STUDY ON FLEXURAL PERFORMANCE AND LIMIT REINFORCEMENT RATIO OF CFRP-STEEL COMPOSITE BAR REINFORCED CORAL SEA-SAND AGGREGATE SEAWATER CONCRETE BEAMS

To investigate the flexural performance of CFRP-steel composite bar (C-FSCB) reinforced coral sea-sand aggregate seawater concrete (CSSC) beams and to verify the accuracy of the calculated formula for the limit reinforcement ratio based on an ideal failure mode, a total of 22 beam specimens were designed and fabricated for four-point static bending tests. The main variables considered were longitudinal reinforcement ratio, concrete strength, shear span ratio, reinforcement type, and concrete type. During the experiments, the failure modes, moment-deflection curves, crack widths, and strain development patterns of the beam specimens were recorded. The investigation results showed that the failure modes of C-FSCB reinforced CSSC beams under different reinforcement ratios included C-FSCB rupture control, concrete crushing control after C-FSCB yielding, and concrete crushing control. One calculated formula for the limit reinforcement ratio established in this study could control the failure mode of C-FSCB reinforced CSSC beams. Within the appropriate reinforcement ratio range, as the reinforcement ratio increased, the peak moment and flexural stiffness of the beam specimens gradually increased, while the ductility coefficient first increased and then decreased. Compared to reinforced CSSC beams, the C-FSCB reinforced CSSC beams exhibited a 14% increase in peak moment, a 27% decrease in ductility coefficient, a 7% decrease in flexural stiffness K₁, and a 52% increase in flexural stiffness K₂ at the same reinforcement ratio.
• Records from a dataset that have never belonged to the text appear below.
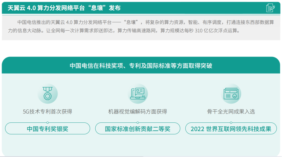 中國電信強(qiáng)化科技創(chuàng)新對(duì)企業(yè)的戰(zhàn)略支撐作用,業(yè)內(nèi)影響力不斷提升。作為首批策源地單位,加快云計(jì)算原創(chuàng)技術(shù)策源地建設(shè),天翼云突破云操作系統(tǒng)、彈性計(jì)算、云存儲(chǔ)、分布式數(shù)據(jù)庫、CDN等關(guān)鍵核心技術(shù),TeleCloud OS4.0打破開源限制,天翼云4.0算力分發(fā)網(wǎng)絡(luò)平臺(tái)“息壤”入選“2022年度央企十大超級(jí)工程”。承建和開通全球規(guī)模最大的量子城域網(wǎng)“合肥量子城域網(wǎng)”。形成自研清單成果84個(gè),員工小微成果1500余個(gè),智能視頻云、天翼看家、CDN等收入達(dá)到十億元級(jí),天翼云桌面、云堤等7項(xiàng)收入達(dá)到五億元級(jí),網(wǎng)站安全專家、天翼安全大腦等6項(xiàng)收入達(dá)到億元級(jí)。面向共建共享網(wǎng)絡(luò)的智慧運(yùn)營系統(tǒng)等7項(xiàng)成果成功入選國務(wù)院國資委《中央企業(yè)科技創(chuàng)新成果推薦目錄(2022版)》。
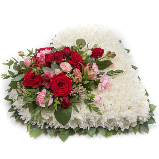 A massed heart shaped tribute with a deep red and baby pink spray, including roses, alstromeria and spray carnations. Available with a foliage or ribbon surround and a variety of colours.
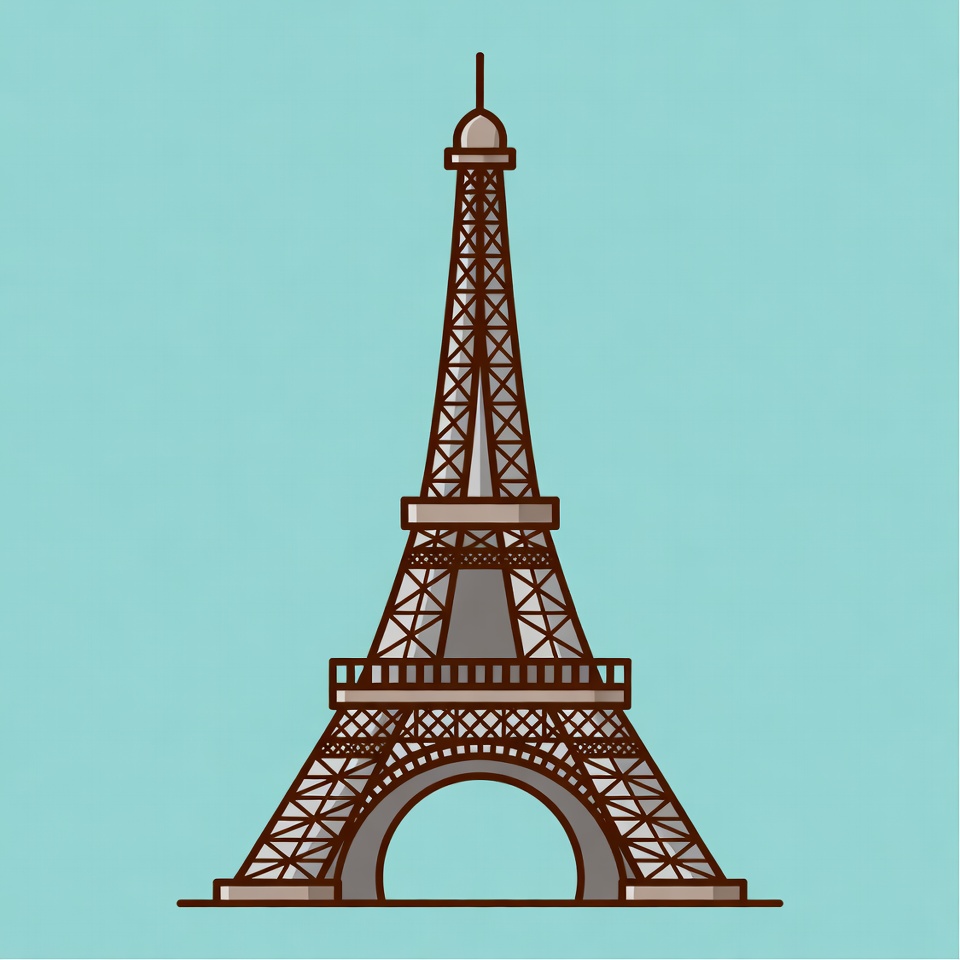 A simple line art illustration of the Eiffel Tower stands tall against a solid light blue background. The tower features brown outlines and gray shading on its lattice structure, with a prominent arch at the base. It is depicted in a flat, cartoonish style with clean lines and minimal details.
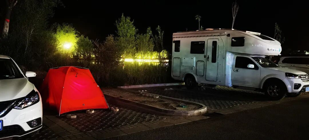 我们到达时由于较小的停车场已经停满,只好停在较大的停车场,然而遇到彻夜下雨,地面比较泥泞,又步行去一河之隔的小公园找到个地面硬化的小型停车场,这里的驻车条件很不错,水卫电齐全,然而一旁的床车车友带着电饭锅去卫生间用电做饭,后来被管理员切断了插座的电源,不过总的来说,这个驻车点还是非常不错的。

The maximum crack width of the reinforced CSSC beams was significantly smaller than that of the C-FSCB reinforced CSSC beams. Considering the utilization ratio of structural strength, the recommended maximum crack width limit for normal serviceability of C-FSCB reinforced CSSC beams was determined to be 0.5 mm. Based on the stress analysis of the section during the failure of the balanced-reinforced beams, one calculation formula for the ultimate flexural capacity of C-FSCB reinforced CSSC beams was established, which exhibits excellent calculation accuracy.